MATERIALS AND METHODS

Retrovirus construction and transduction of primary human keratinocyte cultures.

All wild-type or mutant forms of E7 proteins were expressed from a puromycin-selectable pBabe retroviral vector (39). E7 open reading frames were amplified by PCR from genomic clones as the wild type or mutations and cloned between the BamHI and SalI restriction sites downstream of the retroviral long terminal repeat promoter.
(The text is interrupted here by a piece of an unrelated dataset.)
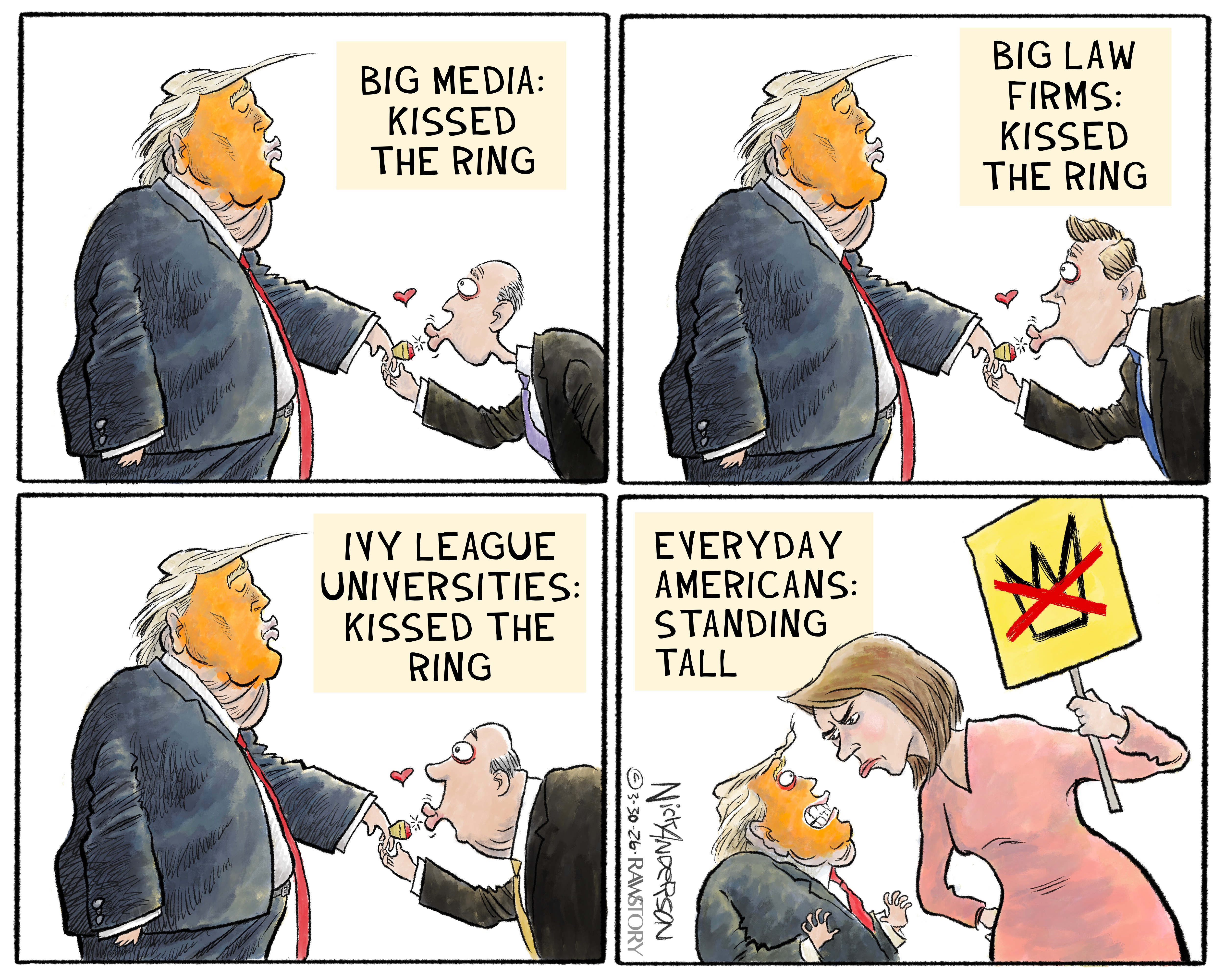 In Minnesota, crowds denounced both the war and the administration’s immigration raids, while Bruce Springsteen showed up to remind everyone that when you’ve lost Bruce Springsteen, you’re no longer leading a political movement, you’re captaining a national embarrassment.
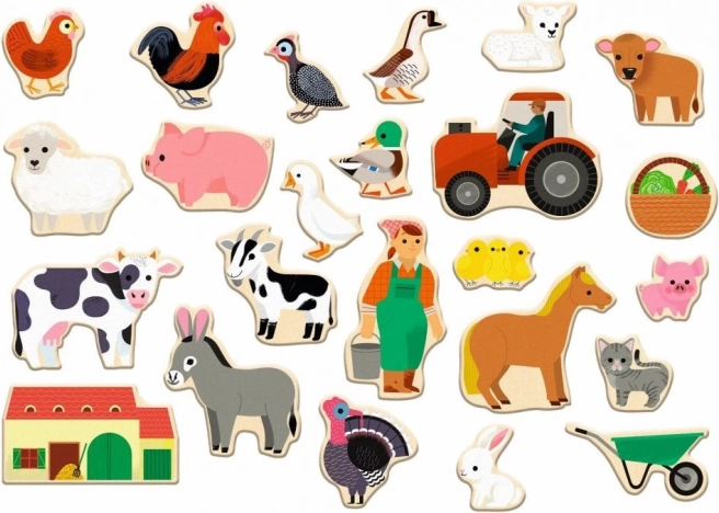 Scopri la magia della campagna con il divertente set di magneti Djeco In fattoria. La pratica scatola contiene 24 magneti in legno dipinti a tema fattoria, ideali per sviluppare la fantasia e la motricità fine e per giochi tematici sul frigorifero o su una lavagna magnetica. Realizzazione in legno resistente e presa facile garantiscono tanto divertimento per i bambini.

Retroviral vector plasmids expressing the ligand binding domain of human estrogen receptor α (ER) or E7-ER fusions were constructed as described previously (3, 19). PHKs for retroviral transduction were isolated from neonatal foreskins obtained from the University of Alabama at Birmingham Well Baby Nursery following elective circumcision and cultured in KFSM (Invitrogen, Carlsbad, CA) or LLKSFM (Lifeline Cell Technology, Walkersville, MD) as described previously (62). The murine fibroblast GP+envAM12 packaging line (36) was used to prepare retroviruses for transducing PHKs as described previously (39). PHKs were infected with supernatant for 2.5 h in the presence of hexadimethrine bromide (5 μg/ml) for 2.5 h, followed by addition of an equal volume of KSFM for another 2.5 h of incubation. The medium was changed to KSFM, and cells were cultured for 24 h prior to selection with puromycin (1 μg/ml for 5 days). Selected PHKs were grown either as submerged monolayer cultures in KSFM or as organotypic raft cultures as previously described (3). BrdU (10 μg/ml) was added for 12 h prior to harvest on day 10.

Bright-field microscopy.

Formalin-fixed, paraffin-embedded organotypic raft cultures were cut into 4-μm sections and mounted onto glass slides. The tissues were deparaffinized, hydrated, and blocked with 25% goat serum. Slides were incubated with a mouse anti-bromodeoxyuridine (BrdU) monoclonal antibody (MAb; clone ZBU; Invitrogen) overnight at 4°C, followed by AEC chromogenic detection using the LSAB immunohistochemistry kit (K0680; Dako North America, Carpinteria, CA). Bright-field images were captured with an Olympus BH-2 microscope with a SPOT digital camera at ×20 magnification (Diagnostic Instruments, Sterling Heights, MI). Images were processed using Adobe Photoshop CS2 (Adobe Systems, San Jose, CA).

Coimmunoprecipitation and Western blot analysis of keratinocyte culture lysates.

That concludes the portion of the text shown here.